To reduce excess moisture, lightly salt the interior of the hollowed tomatoes and let them drain upside down on a paper towel for a few minutes before stuffing.
Can I prepare stuffed tomatoes in advance?
Yes, assemble the stuffed tomatoes ahead of time, cover, and refrigerate. Bake them within 24 hours to maintain freshness.
Is it necessary to cook the rice before stuffing the tomatoes?
No, using uncooked arborio rice allows it to absorb the tomato juices during baking, enhancing the flavor and achieving a desirable texture.
What type of tomatoes work best for this recipe?
Large, firm varieties like truss or beefsteak tomatoes are ideal due to their size and ability to hold the stuffing without collapsing.
Can I freeze stuffed tomatoes?
Freezing stuffed tomatoes is not recommended, as the texture of the tomatoes may become mushy upon thawing.
How can I make this recipe vegan?
Replace goat cheese with a plant-based cheese alternative or omit it entirely, and ensure any additional ingredients align with a vegan diet.
What side dishes complement stuffed tomatoes?
Stuffed tomatoes pair well with a fresh green salad, roasted vegetables, or a light pasta dish.
Can I use other fillings besides rice?
Absolutely, consider using couscous, quinoa, or even lentils as alternative fillings for varied flavors and textures.
How do I keep the stuffing from spilling out during baking?
Avoid overfilling the tomatoes and gently press the stuffing inside to secure it. Placing the tops back on the tomatoes can also help contain the filling.
What herbs pair well with stuffed tomatoes?

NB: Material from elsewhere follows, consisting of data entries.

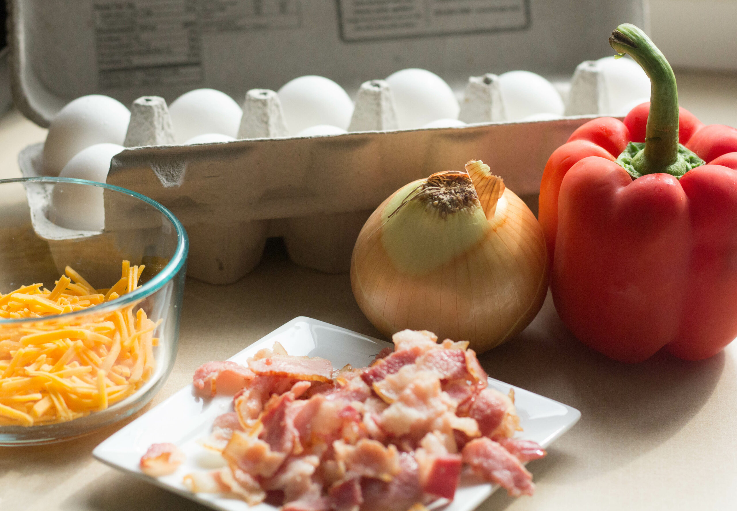 I hope you’ll consider some of the ways you could change up this recipe to suit your tastes. My son thought sausage would be better than bacon. You might swap some of the whole eggs for egg whites. You could add herbs. Change out the veggies for what you have growing in your garden. Cube up some ham and try that instead. You could also easily prep this for batch cooking. Enjoy!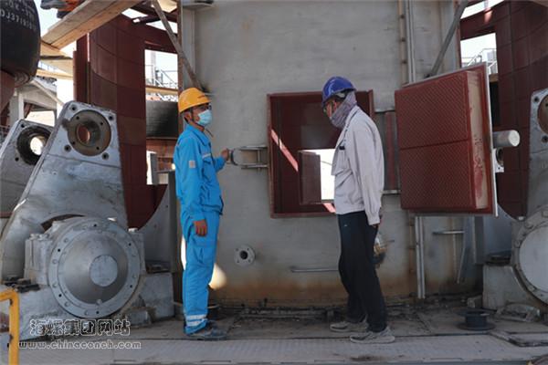錢宣紅(左一)與監(jiān)理檢查原料磨安裝質量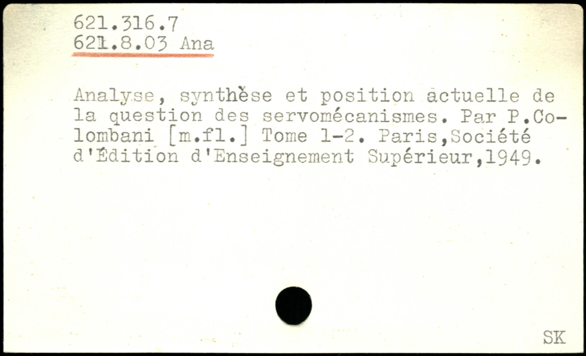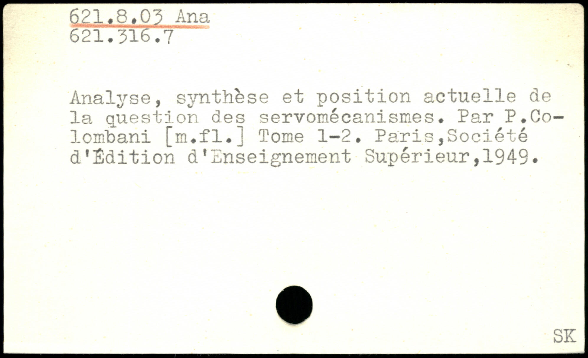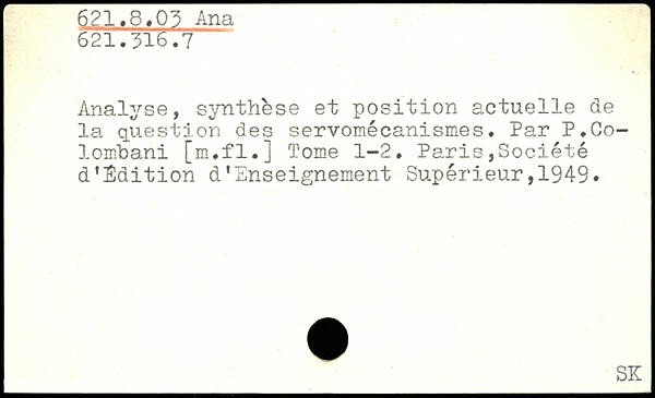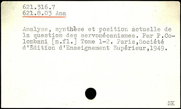Analyse, synthèse et position actuelle de la question des servomécanismes. Par P.Co-lombani [m.fl.] Tome 1-2. Paris,Société d’Sdition d’Enseignement Supérieur,1949.

Fresh herbs like parsley, basil, oregano, and mint complement the flavors of stuffed tomatoes beautifully.
Conclusion
Mediterranean-inspired stuffed tomatoes are a flavorful and versatile dish that brings the taste of the Mediterranean to your table. With simple ingredients and straightforward preparation, this recipe is sure to become a favorite for both casual dinners and special occasions.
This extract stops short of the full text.